The HM10 and HM11 are popular Bluetooth Low Energy modules based on the Ti CC2540 and CC2540 BLE SoC device.

Most HM10 and HM11 devices seem to come pre-installed with with “HMSoft” from a Chinese company called “Huamao Technology CO,. LTD.”

I was interested to determine the battery life of these devices operating as an iBeacon, so I decided to do an accelerated long term test, using two AAA Energizer cells to power the module.

To accelerate the test, I changed the Advertising period using the AT+ADVI command to the minimum time between transmissions, which is quoted as 100ms using the command  “AT+ADVI0”

Power use was minimized by using AT+ADTY3 to make the device non-connectable and AT+DELO2 and enabling auto sleep mode AT+PWRM0

0.44mA Digital current meter

0.5mA Analogue current meter

As far as I can tell the batteries I tested with were standard Energizer E92 / AAA http://data.energizer.com/PDFs/E92.pdf

Looking at the spec, the batteries should have over 1000 mAH on the very low current load that the BLE beacon consumes, however the quoted capacity is at a final voltage of 0.9V, which would give 1.8V for 2 batteries, and is lower than the minimum working voltage for the CC2540 as shown in the spec on the device from TI http://www.ti.com/lit/ds/symlink/cc2540.pdf

The time versus consumption graphs from the battery spec PDF show that at 10mA constant discharge that the battery should last 100 hours, which equates to 1000mAH. However for lower currents there is no data on the graph, as 10mA is the lowest value shown.  However if at lower currents, the capacity followed the same trend line, the capacity would be well in excess of 1000mAH.

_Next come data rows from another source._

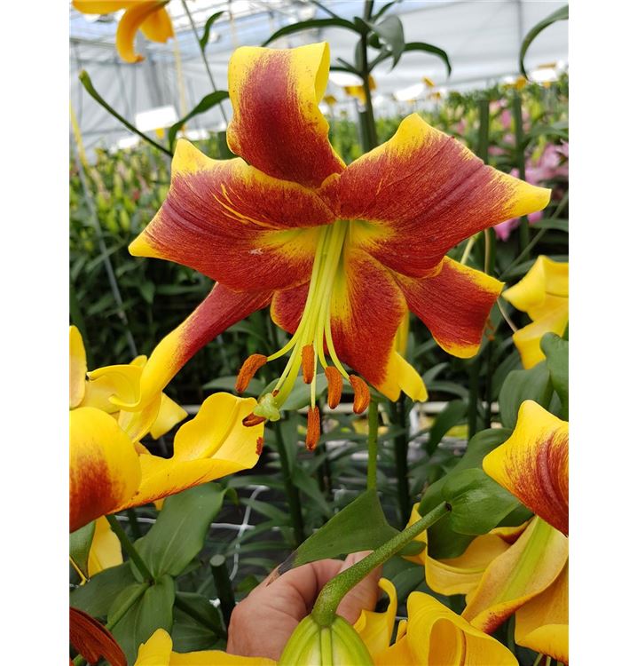 Mindestabnahme 5 Stück cremefarben mit braunrotem Schlund, 140cm, Juli-Aug.
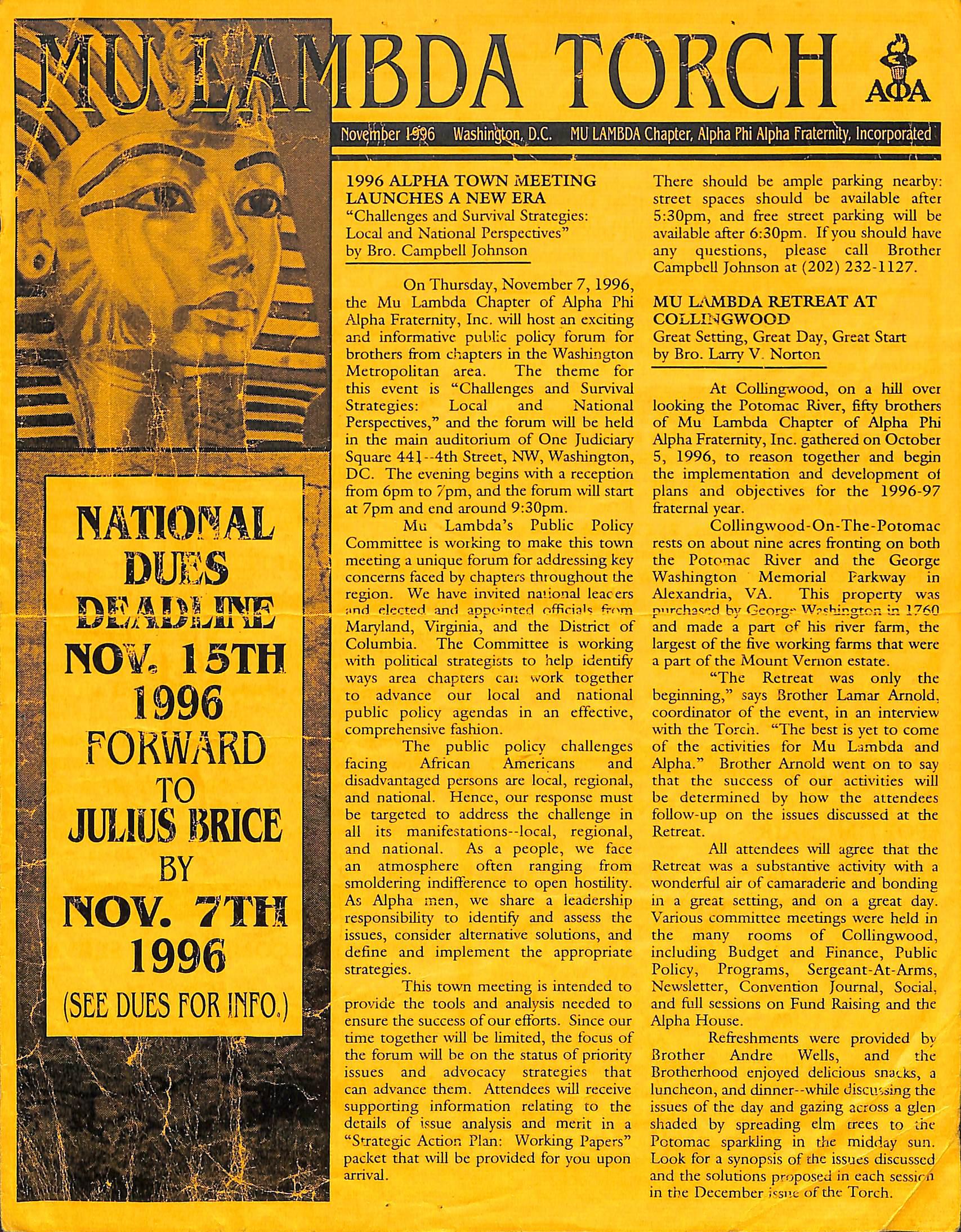 On Thursday, November 7, 1996, the Mu Lambda Chapter of Alpha Phi MU L^\MBDA RETREAT AT Alpha Fraternity, Inc. will host an exciting COLLII'IGWOOD and informative public policy forum for Great Setting, Great Day, Great Start brothers from chapters in the Washington by Bro. Larry V. Norton
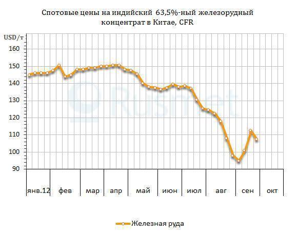 /Rusmet.ru, Виктор Тарнавский/ В последний месяц спотовые цены на железорудное сырье на мировом рынке отличаются повышенной нестабильностью. В начале сентября стоимость 63,5%-ного индийского концентрата, поставляемого в Китай, сократилась до около $95 за т CFR, что соответствовало уровню ноября 2009 года. Однако сообщение китайской Национальной комиссии по развитию и реформам о планах запуска крупномасштабных инфраструктурных проектов на общую сумму более $155 млрд. вызвало подъем цен на стальную продукцию в Китае и катапультировала цены на руду на отметку $112 за т CFR. Впрочем, в последнюю неделю цены на сырье снова пошли вниз, стабилизировавшись на уровне $107-108 за т CFR. Теперь рынок ждет недельная пауза, вызванная празднованием очередной годовщины образования КНР.
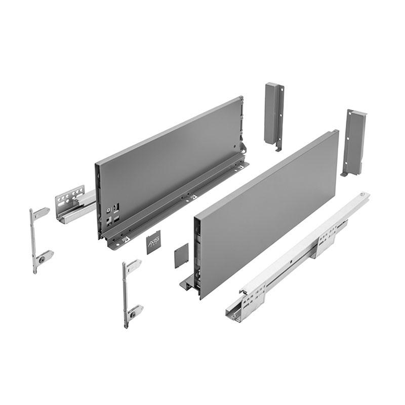 Выдвижной ящик AXIS PRO 500 Н116 антрацит AXIS PRO L-500 мм, средний H-116 мм, антрацит - система выдвижения нового поколения с повышенной эргономикой, для использования в кухонных гарнитурах и мебели для ванных комнат. КОМПЛЕКТАЦИЯ Шариковая направляющая полновыкатная, левая - 1 шт. Шариковая направляющая полновыкатная, правая - 1 шт. Боковая панель, левая - 1 шт. Боковая панель, правая - 1 шт. Крепление фасада для левой боковой панели - 1 шт. Крепление фасада для правой боковой панели - 1 шт. Крепление задней стенки для левой боковой панели - 1 шт. Крепление задней стенки для правой боковой панели - 1 шт. Заглушка для монтажных отверстий левой боковой панели - 1 шт. Заглушка для монтажных отверстий правой боковой панели - 1 шт. Саморезы для монтажа. ПРЕИМУЩЕСТВА Эстетичный дизайн за счет тонких боковых стенок (14 мм) и привлекательного декора. Максимальная вместимость ящика, достигнутая посредством нижнего монтажа направляющих и минимальной толщины боковых панелей. Регулировка фасада в вертикальной (+/- 2 мм) и горизонтальной (+/- 2 мм) плоскостях. Полное выдвижение, обеспечивающее удобный доступ к содержимому ящика. Мягкое и тихое задвижение, благодаря доводчику. ДОПОЛНЕНИЕ В случае необходимости аксессуары для AXIS PRO приобретаются отдельно.

At 0.5mA on a 1000mAH battery, I had hoped that the beacon would run for around 2000 hours,  which is nearly 12 weeks. This would extrapolate to around 10 times as long, using normal broadcast rates, of 1 per second, i.e 120 weeks or over 2 years.

However to my surprise, after just over a week, when I measured the voltage on the batteries, I noticed that they had dropped to a combined voltage of 1.9V and the beacon had stopped functioning.

So why has the battery life been magnitudes of order less than anticipated. Well, at the moment I don’t know. There are a number of possible causes for this problem.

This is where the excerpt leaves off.